Aside from just the supernatural elements, cutting away the fat in terms of the number of characters and subplots would also do wonders for the series. American Horror Story has an issue with characters darting from storyline to storyline, zig zagging between subplots without taking time to settle on scenes or past developments before being hurled into the next whacky adventure. Netflix has managed to create an extremely worthwhile system in not setting the number of episodes of its series and changing each episode’s runtime according to the story’s requirements. Stranger Things, for example, being a tight eight episode run had a heavy hand in keeping the show sharp, focused and fast paced. American Horror Story could take a page from Stranger Things’ lesson book and cut down on the number of episodes it puts forth to keep it lean and mean.
Stick the Landing
Each season of American Horror Story starts strong enough with its introductions as viewers enter each creepy world, but tends to fumble close to the finish line as it desperately tries to wrap up its many storylines and give a worthwhile ending to its menagerie of characters. Freakshow is once again the biggest offender in this case as Dandy, the aforementioned heir to the throne of Twisty, simply walks through the carnival where our main characters dwelled and began shooting most of the supporting cast after not getting his way in buying the park. While this was certainly something that Dandy would do, it felt unearned and seemed like a way for everything to be wrapped up in a neat package for the final curtain call. Honestly, I don’t think any of the seasons have truly managed to stick the landing as even Murder House’s bizarre “Anti-Christ” ending left many an audience member scratching their heads and served as a departure from the ghosts and ghouls that came before it.

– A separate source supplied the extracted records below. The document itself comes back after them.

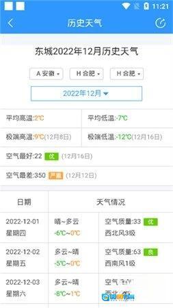 2、选择想要查询的年月,软件将显示该月的月均温度。若向下滚动,还可以查看该月每天的天气情况。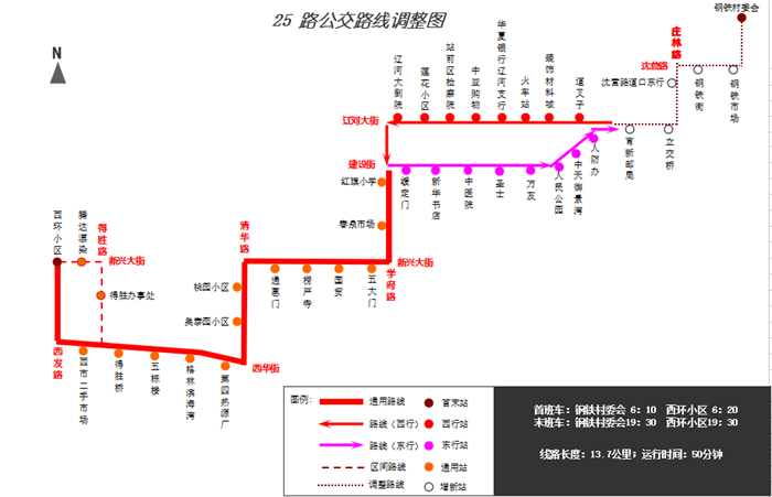 1.線路走向:“西環(huán)小區(qū)”—原線—遼河大街/建設(shè)街(東風(fēng)路)—“立交橋”—莊林路—沈營(yíng)路—“鋼鐵村委會(huì)”。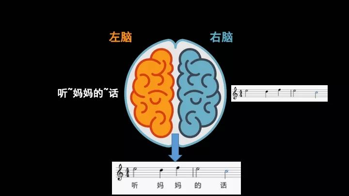 这首《听妈妈的话》大家应该都会唱吧,我们拿这首歌来举例,看一下唱歌时大脑里在发生什么。我们唱歌的时候左右脑同时在活动,右脑主要负责记旋律“3 – 2 4 | 3 – 1 – | 1 5 5 44 2 | 2 – – – |”,左脑主要负责记歌词“听妈妈的话,别让她受伤”,这两条线合并为一条线记忆在了大脑里,于是它们共同输出的时候,就变成了我唱的“听(3 –)妈(2)妈(4)的(3 –)话(1 –),别(1)让(5)她(5 4)受(4 2)伤(2 – – –)”。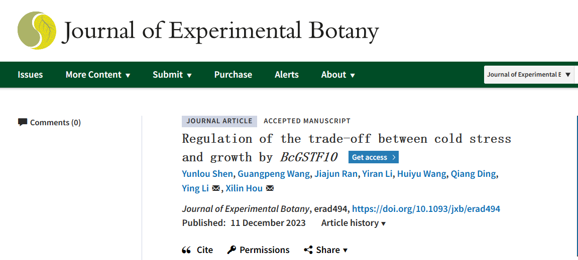 白菜系统生物学创新团队在JOURNAL OF EXPERIMENTAL OF BOTANY在线发表了题为“Regulation of the trade-off between cold stress and growth by BcGSTF10”的研究论文。该研究揭示了BcGSTF10基因在协调植物生长发育和低温响应中的分子机理。
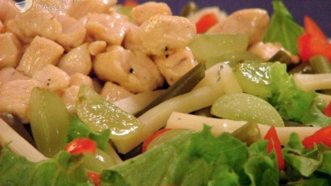 Pulire i fagiolini spuntando le estremità e togliendo i filamenti, lavarli e lessarli per 15 min. in acqua salata. Pulire l’insalata , lavarla ed asciugarla .Lavare l’uva e tagliare gli acini a spicchi. Ridurre il formaggio a cubetti ,lavare i pomodorini e tagliarli a spicchi.Mettere nella ciotola del pollo tutti gli ingredienti tranne l’insalata e l’uva e mescolare bene. Regolare di sale se necessario.Disporre in un piatto l’insalata, l’uva e i restanti ingredienti.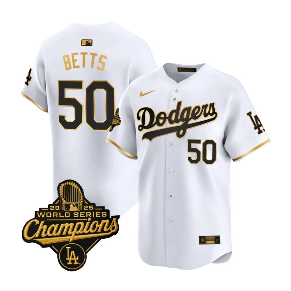 Youth Los Angeles Dodgers #50 Mookie Betts Nike White Golden 2025 World Series Champions Home Limited Jersey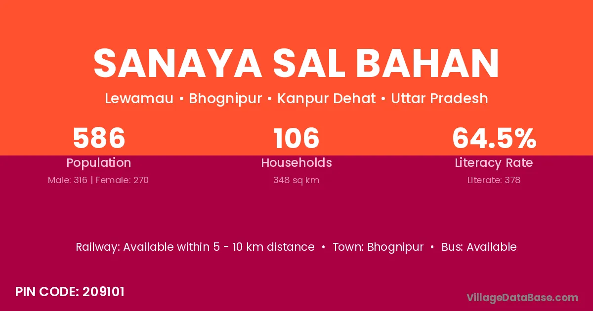 Sanaya Sal Bahan village has a total population of 586 people, of which 316 are males and 270 are females.

These endings may come from the idea that each season is isolated from one another so when the finale rolls around, you can go all out guns blazing and kill characters haphazardly since they won’t be appearing in any subsequent episodes. I’m not saying that the series needs to stop the guillotine from falling, but rather to aim it a bit more concisely. Use the momentum of the earlier episodes to weave a story that acts as a fond farewell to each character rather than trying to be the most shocking.
American Horror Story will always be close to my heart, despite its flaws, but I feel like with the proper tune up, it can be a juggernaut in the television landscape. Perhaps the mysterious sixth season will manage to streamline things and bring new horror to the airwaves.